02 February 2018 1 2K Report

Humans are very bias in choosing their method of conducting experimental measurements or make observations without being aware of it. What percentage of the entire electromagnetic wave spectrum can we perceive? No more than 5% for sure. But the changes, of which we must be aware, before we can understand aging, are most likely much more distinct outside our narrow sensory window because our sensory limitations did not affect the evolution of aging in any way.

For example, humans can only hear part of the sound an elephant makes because humans cannot hear such low frequencies as the elephant can. This tends to prevent the full understanding of the elephant’s communication options. Humans cannot distinguish such low sound frequencies from background noise, i.e. environment, because they cannot perceive the low elephant sound frequencies from being different from the background environment. But without considering those imperatively hidden factors we cannot fully understand elephant communication. Therefore, humans tend to miss cellular processes, which can only be distinguished from background noise outside the electromagnetic wavelength interval, for which humans have evolved sensory organs, i.e. eyes, ears and skin. The mechanism by which the tongue and nose operate is of an entirely different dimension because they cannot sense any wavelength.

For example, before magnets were discovered, they remained for us an imperatively hidden object because we could not even suspect them in any way. But still, just because we lack any senses for perceiving any kind of magnetism does not stop it from affecting our lives. Only after we discovered the consequences of the forces, which the magnetic field has on some metals, prompted us to search outside the limited window, within which we can sense differences in wave length. Magnetic fields could affect life in many positive ways because they are used to treat major depressive disorder and cause involuntary muscle contraction. But has anybody even thought of measuring the magnetic field of a cell or brain, which I expect to be strong enough for us to measure with sensitive devices? Since any electric current causes a perpendicular radiating magnetic field, it can be hypothesized that the weak magnetic field is pulse-like and depends on the temporal pattern by which neurons fire action potentials. The changes in the magnetic field of a cell is expected to be enriched for the cellular component membrane because they have proton pumps and maintain an electric gradient to produce ATP. But what if changes in this magnetic field are causing us to age? Then we could stop the aging process by any intervention, which sets our cellular magnetic field pattern back to its youthful benchmark.

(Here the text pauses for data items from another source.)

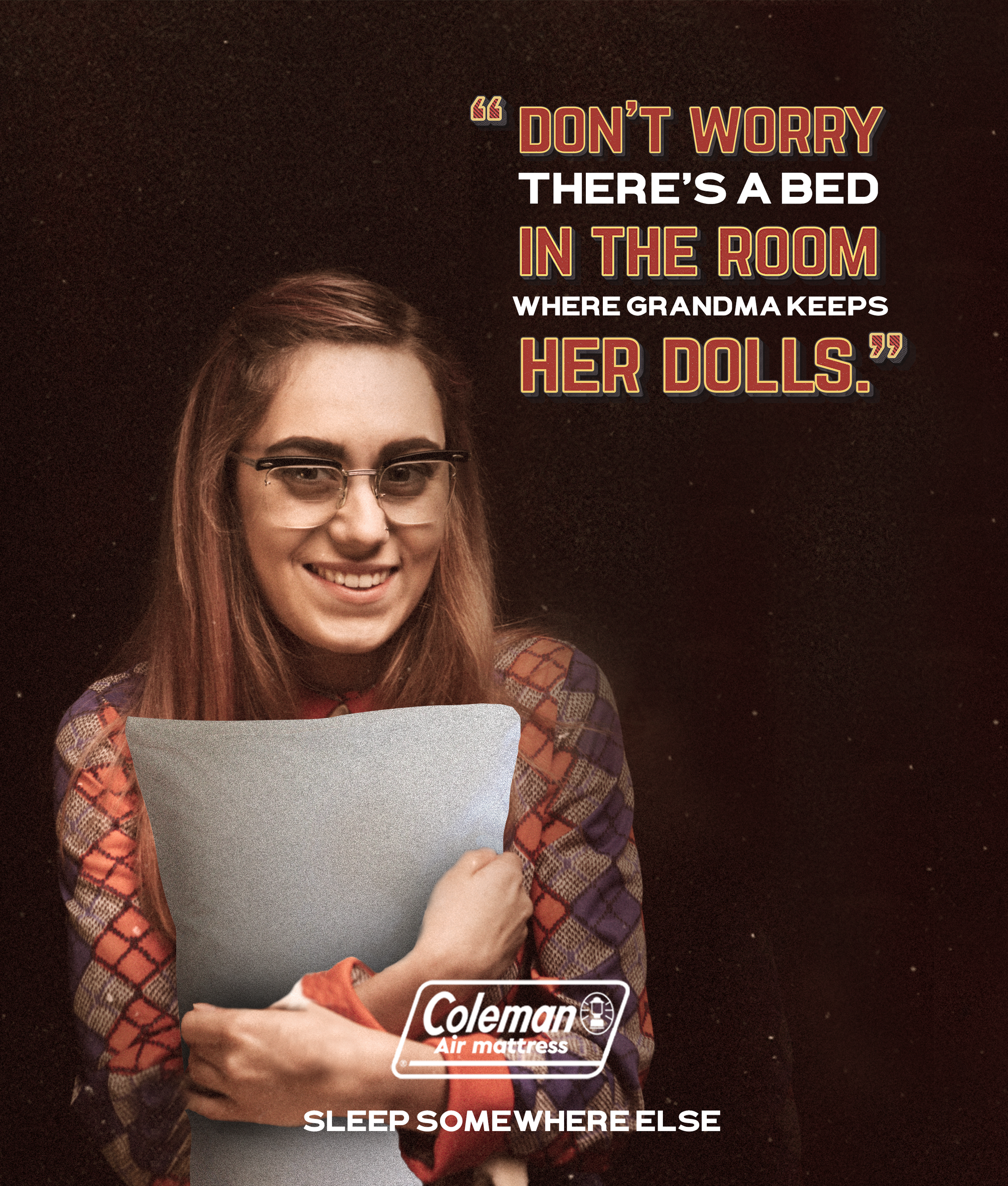This may be student work - but it’s still one of my favorites. Coleman Air Mattress: Sleep Somewhere Else.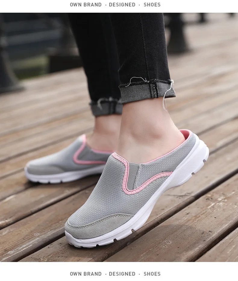 Women's Shoes Plus Size Casual Half Support Single slippers Flat Bottom One Kick Loafers Mesh Breathable Sandals Without Heels
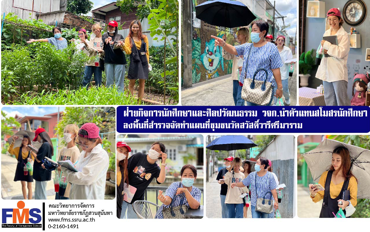 On July 25, 2023 Student Affairs and Arts and Culture Department, Faculty of Management Sciences Suan Sunandha Rajabhat University lead a team of leaders and student club representatives. Visiting the community of Wat Sawat Waree Sri Maram, Dusit District, Bangkok to carry out community mapping for community public relations to outsiders which was honored by Ms. Naiyana Yoljoho, the community chairman of Wat Sawat Waree Sri Maram Welcome and lead the team to explore the repository surrounding the community. for fieldwork and mapping activities It will continue to be held on July 29, 2023, with the delivery of maps to the community in the next order.
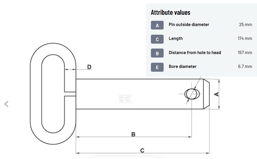 CAT 2 DRAW BAR LINKAGE PIN WITH HANDLE 25x157mm - Z525157HKR
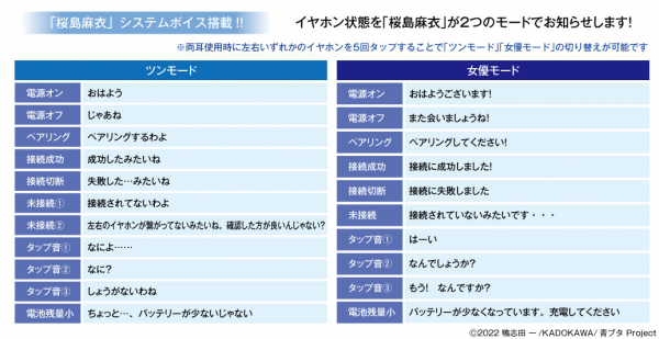 本コラボレーションモデルは、充電ケース天面に作品ロゴを印刷加工し、左右ハウジングにバニーガールをイメージしたモチーフアイコンをレーザー加工。ハウジングは起動時にLED点灯します。搭載音声ガイダンスは「桜島麻衣」の新規録り下ろしボイス。電源オンやオフ、ペアリング時やタップ音等の計11ワードのボイスを搭載し、コラボレーション初の2モード仕様となっております。メインは「ツンモード」11ワード、タップ5回切り替えにより「女優モード」10ワードを楽しめます。パッケージは「桜島麻衣」の描き下ろしイラストデザインとなっております。

I suspect that the reason for our only rudimentary understanding of the aging process is caused by us missing such kind of imperatively hidden objects, which are required for making the essential key observations without which aging cannot be fully explained. I view a magnetic field as a concept, which exists, regardless weather we are aware of it. There may be many more other hidden concepts, which we must develop correctly, before we can reverse aging.

Analogies to aid in the understanding of the concept of Imperatively Hidden Objects (IHO)

Let’s say that an immortal interstellar alien highly intelligent out-of-space critter has landed on Earth. Let’s imagine that he can only perceive wave lengths within the limits of the magnetic field. Then we humans would not even notice this out of space interstellar visitor because he/she remains an imperatively hidden object (IHO) that we cannot even suspect. Let’s say this interstellar species has not evolved a body or anything to which our senses are sensitive. Let’s say that this life can be fully defined by irregularities within the magnetic field. But this interstellar critter can perceive us humans because our magnetic field disrupt the homogeneity of the background environment and must therefore be something other than background noise. Let’s say that this immortal interstellar critter can perceive and process all the magnetic fields on Earth. Could he maybe develop the concept of siblings or parents on its own? Is the magnetic field of relatives more similar to each other than expected by chance? It is very likely because humans vary a lot in their neuronal wiring architecture. Hence, each human could be defined by the pattern of his/her action potentials. This inevitably causes a very weak unique perpendicularly acting electromagnetic field that cannot be detected by our instruments. Therefore, instead of humans, we should use the giant squid as model organism to understand the relationships between life, aging and changes in magnetic field because it has the thickest neuron. Therefore, it must fire stronger action potentials than our human neurons. This will inevitably cause a stronger perpendicularly acting electromagnetic field, which may be strong enough to be detected by our instruments.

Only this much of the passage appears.